Fig. 8 is a diagram illustrating transmission of symbol data based on a host data transmission line according to an embodiment.

FIG. 9 is a diagram illustrating the timing and data format of a serial peripheral interface according to an embodiment.

Fig. 10 is a schematic block diagram of an LED light source apparatus in an embodiment.

Fig. 11 is a schematic diagram illustrating a data transmission process of controlling a plurality of LED light sources by a control device according to an embodiment.

Detailed Description

The technical solutions in the embodiments of the present application will be clearly and completely described below with reference to the drawings in the embodiments of the present application, and it is obvious that the described embodiments are some, but not all, of the embodiments of the present application. All other embodiments, which can be derived by a person skilled in the art from the embodiments given herein without making any creative effort, shall fall within the protection scope of the present application.
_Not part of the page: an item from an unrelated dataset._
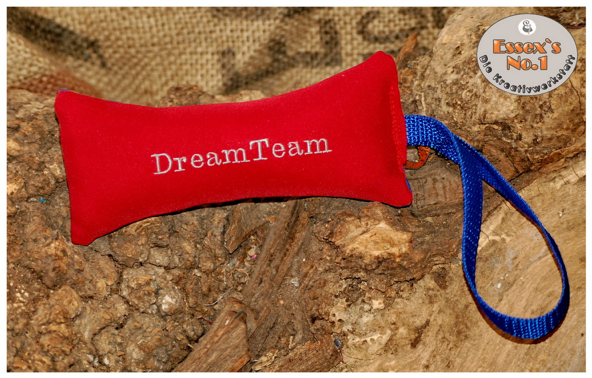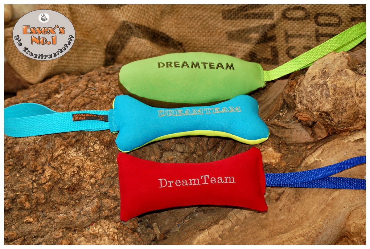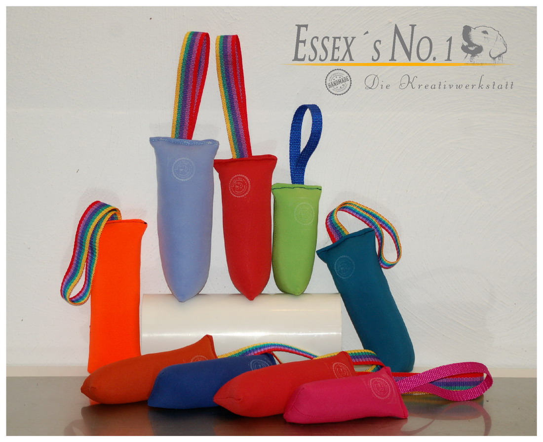 Das Apportel kann einfarbig oder in verschiedenen Farbkombinationen angefertigt werden. Du kannst zwischen Wurfband mit oder ohne Handschlaufe oder Wurfkordel wählen. Es gibt das Apportel in drei Größen und in verschiedenen Formen, teile mir einfach Deine Wünsche mit.

The flow diagrams depicted in the figures are merely illustrative and do not necessarily include all of the elements and operations/steps, nor do they necessarily have to be performed in the order depicted. For example, some operations/steps may be decomposed, combined or partially combined, so that the actual execution sequence may be changed according to the actual situation.

The embodiment of the application provides an LED light source control method and device and LED light source equipment, and the target sending mode of code element data is determined according to the current running state of the control device, so that the target sending mode of the code element data can be adapted to the current running state of the control device, and the stability and reliability of the adjustment of the display effect of the LED light source in the current running state are improved.

Some embodiments of the present application will be described in detail below with reference to the accompanying drawings. The embodiments and features of the embodiments described below can be combined with each other without conflict.

Referring to fig. 1, fig. 1 is a schematic flowchart illustrating a method for controlling an LED light source according to an embodiment of the present disclosure. The LED light source control method is used for controlling the display mode of the LED light source.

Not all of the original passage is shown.